[[ DATA FOR ANALYSIS, beginning ]]

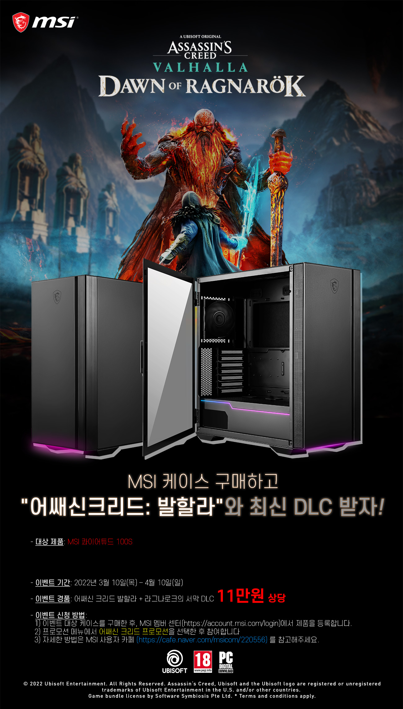 º» À̺¥Æ®´Â 3¿ù 10ÀÏ(¸ñ)ºÎÅÍ 4¿ù 10ÀÏ(ÀÏ)±îÁö ÁøÇàÇϸç, ÇØ´ç ±â°£ ³» ¡®MSI ÄâÀÌ¾îÆ©µå 100S¡¯ °ÔÀÌ¹Ö ÄÉÀ̽º¸¦ ±¸¸ÅÇϸé Àα⠰ÔÀÓ '¾î½Ø½ÅÅ©¸®µå ¹ßÇÒ¶ó' ¹× ÃֽŠDLC '¶ó±×³ª·ÎÅ©ÀÇ ¼¸·' µî 11¸¸ ¿ø »ó´çÀÇ °ÔÀÓ Äڵ带 ÁõÁ¤ÇÑ´Ù.
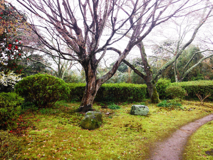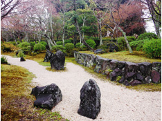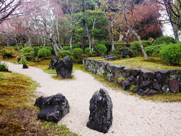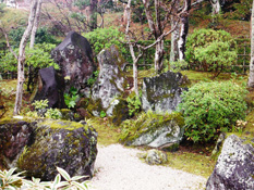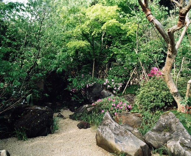 | 枯山水の石組・石積などを行ってはいるが、その堅さをなじめるように苔・樹木によって景観を見出している。 | |
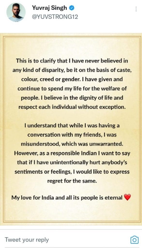 टिप्पणियों पर माफी मांगते हुए ट्वीट किया था कि, ‘मैं समझता हूं कि जब मैं अपने दोस्तों के साथ बातचीत कर रहा था, तो मुझे गलत समझा गया, जो अनुचित था. हालांकि, एक जिम्मेदार भारतीय के रूप में मैं कहना चाहता हूं कि अगर मैंने अनजाने में किसी की भावनाओं या भावनाओं को ठेस पहुंचाई है, तो मैं उसके लिए खेद व्यक्त करना चाहूंगा.’
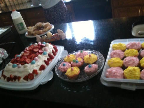 2. My easter treats. I made the pastel cupcakes and of course the angel food cake to the left (that I did not make) totally outdoes mine.
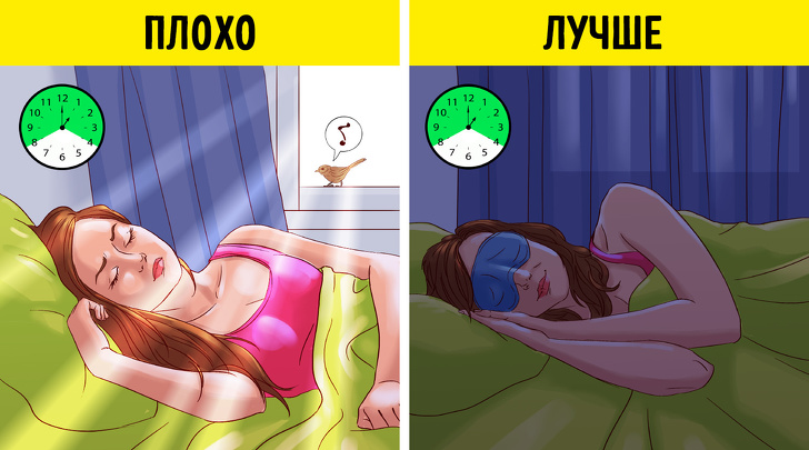 - Максимальна затемненность і тиша будинку: купіть штори, які не пропускають денне світло, або одягайте маску для сну, використовуйте беруші.

[[ DATA FOR ANALYSIS, end ]]

**WORK TASK**
The lines to be transcribed are those from the first line of the data above through the line holding "枯山水の石組・石積などを行ってはいるが、その堅さをなじめるように苔・樹木によって景観を見出している。 | |", inclusive; copy them exactly and only, leaving out the pictures.

**EXERCISE RESPONSE**
 º» À̺¥Æ®´Â 3¿ù 10ÀÏ(¸ñ)ºÎÅÍ 4¿ù 10ÀÏ(ÀÏ)±îÁö ÁøÇàÇϸç, ÇØ´ç ±â°£ ³» ¡®MSI ÄâÀÌ¾îÆ©µå 100S¡¯ °ÔÀÌ¹Ö ÄÉÀ̽º¸¦ ±¸¸ÅÇϸé Àα⠰ÔÀÓ '¾î½Ø½ÅÅ©¸®µå ¹ßÇÒ¶ó' ¹× ÃֽŠDLC '¶ó±×³ª·ÎÅ©ÀÇ ¼¸·' µî 11¸¸ ¿ø »ó´çÀÇ °ÔÀÓ Äڵ带 ÁõÁ¤ÇÑ´Ù.
 | 枯山水の石組・石積などを行ってはいるが、その堅さをなじめるように苔・樹木によって景観を見出している。 | |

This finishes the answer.